1. Think in Streams¶

The library is designed for streaming data. Prefer iterators and generators over arrays for large datasets to minimize memory usage.

// Good: Streaming from a file
$result = take(new SplFileObject('data.csv'))
    ->map(str_getcsv(...))
    ->toList();

// Good: Forcing a stream from a large array
$result = take($largeArray)
    ->stream()
    ->filter(fn($user) => $user['active'])
    ->toList();

When the pipeline holds an array, several methods (filter(), cast(), slice(), chunk(), and others) take eager fast paths that create intermediate arrays; stream() opts out of them. See Performance for the details.

2. Chain Operations¶

Keep operations in a single, fluent chain; don't round-trip through arrays between stages.

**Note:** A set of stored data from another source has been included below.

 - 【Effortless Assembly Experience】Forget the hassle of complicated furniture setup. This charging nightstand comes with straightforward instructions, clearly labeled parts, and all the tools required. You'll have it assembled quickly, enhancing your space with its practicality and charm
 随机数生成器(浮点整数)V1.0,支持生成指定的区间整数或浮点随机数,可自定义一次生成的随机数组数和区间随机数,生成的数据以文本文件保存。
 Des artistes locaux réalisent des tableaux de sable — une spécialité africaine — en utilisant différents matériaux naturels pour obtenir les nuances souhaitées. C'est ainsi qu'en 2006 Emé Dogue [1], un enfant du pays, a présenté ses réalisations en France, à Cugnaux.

// Good: A single, readable chain
$result = take($data)
    ->filter($predicate)
    ->map($transformer)
    ->toList();

// Bad: Each toList() materializes an array and loses laziness
$filtered = take($data)->filter($predicate)->toList();
$result = take($filtered)->map($transformer)->toList();

Because pipelines are mutable and return the same instance, capturing intermediate variables is harmless—but converting to arrays between stages is not.

3. Prefer `fold()` for Aggregations¶

Use fold() instead of reduce() for aggregation. Its required initial value makes both the intent and the result type explicit.

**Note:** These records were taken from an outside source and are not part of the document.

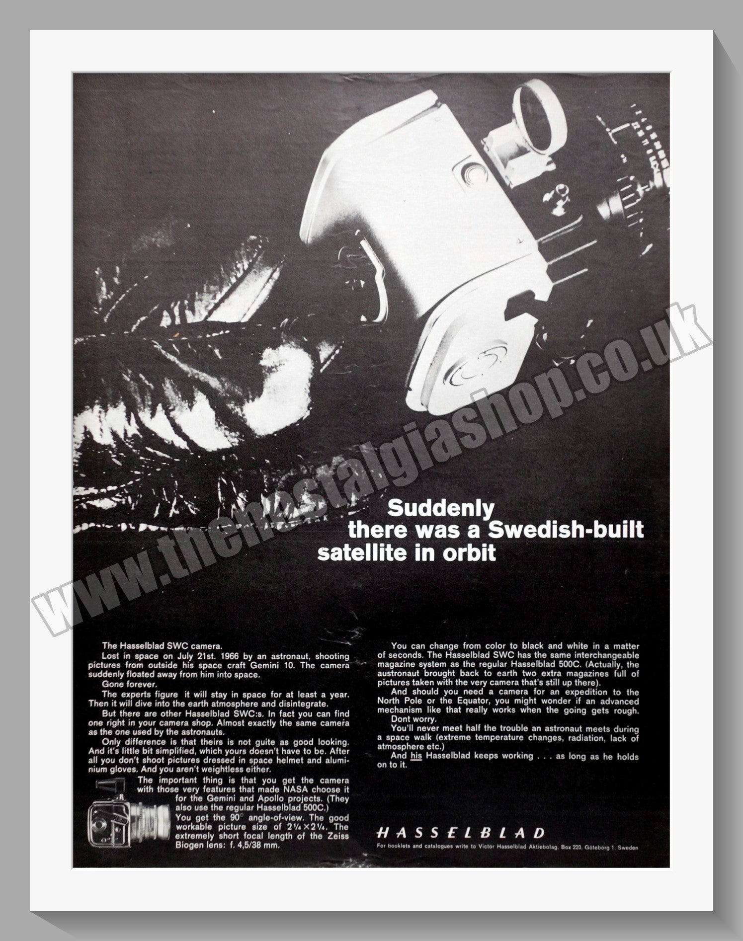 Hasselblad 500C SLR Camera. Vintage Advert. Classic Original Advert 1967. Presented and Supplied in a cream bevel cut mount with backing card and clear bag. Ready to fit in 20 x 16 inch frame. Will be well packed with a sheet of hardboard to keep the mounted Advert flat. All our adverts, unless clearly stated are Originals from the date shown. They make excellent pieces of wall art and stunning gifts. Many are rare and hard to find and once sold, may not be replaced. Remember you are buying a piece of history. Website watermark is not on original. Vintage Cameras, Old Cameras.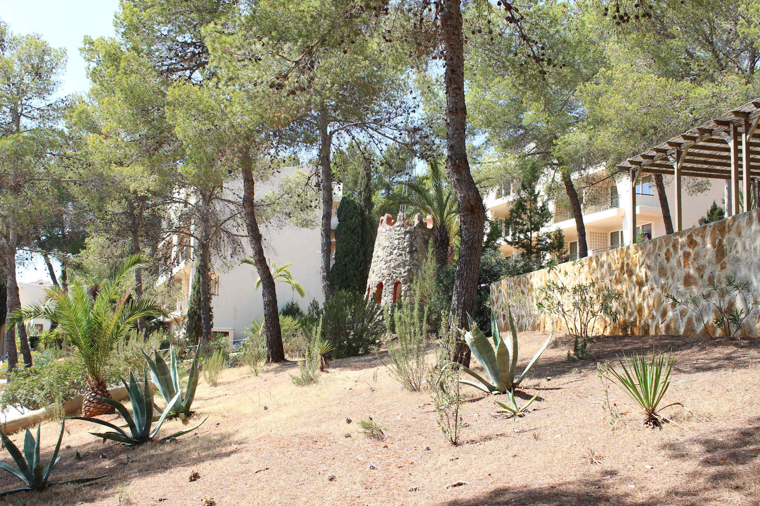 Von der Steinterrasse aus hat man einen herrlichen Ausblick nach San Antonio und zur Bucht. Daneben steht noch ein kleines Türmchen.
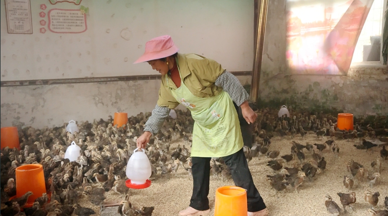 “每天早上七点钟,先上来观察小鸡的情况,及时喂药,料有没有也要及时加,随时保持温度。”麻江县贤昌镇贤昌村综治员顾光美说。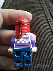 Minifigure originale LEGO del personaggio "The King", proveniente dal set Ultra Agents Infearno Interception. Il pezzo si distingue per il suo stile unico: maglia con dadi stampati, braccia viola e l'iconica bandana rossa che copre il volto. Sul retro del busto è presente la scritta "KING".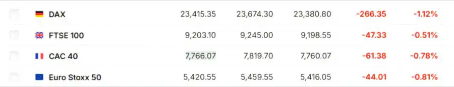 Европейские рынки показали отрицательную динамику после падения индексов на Уолл-стрит, поскольку инвесторы ожидали публикации ключевых экономических данных, способных повлиять на денежно-кредитную политику ФРС. Из основных индексов DAX (-1,12 процента, Германия), FTSE 100 (-0,51 процента, Великобритания), CAC 40 (-0,78 процента, Франция) и Euro Stoxx 50 (-0,81 процента) оказались в минусе.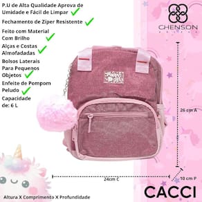 Deixe os dias escolares das crianças mais brilhantes e encantadores com a Mochila Infantil Brilho Pompom da Chenson. Um acessório tão único quanto elas!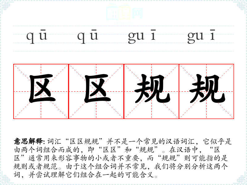 词汇“区区规规”并不是一个常见的汉语词汇,它似乎是由两个词组合而成的,即“区区”和“规规”。在汉语中,“区区”通常用来形容事物的小或者不重要,而“规规”则可能指的是规则或者规范。由于这个组合词并不常见,我们将分别分析这两个词,并尝试理解它们组合在一起的可能含义。

// Good: Explicit initial value
$sum = take($numbers)->fold(0);

// Less clear: where does the accumulator start?
$sum = take($numbers)->reduce();

4. Choose the Filter That Says What You Mean¶

When cleaning data, use select() to remove only null and false. This prevents accidental removal of valid falsy values like 0 or empty strings.

// Good: Predictable cleaning, keeps 0 and ''
$cleaned = take($data)->select();

// Risky: drops 0, '', and '0' as well
$cleaned = take($data)->filter();

Reserve plain filter() for when you really do want array_filter() semantics.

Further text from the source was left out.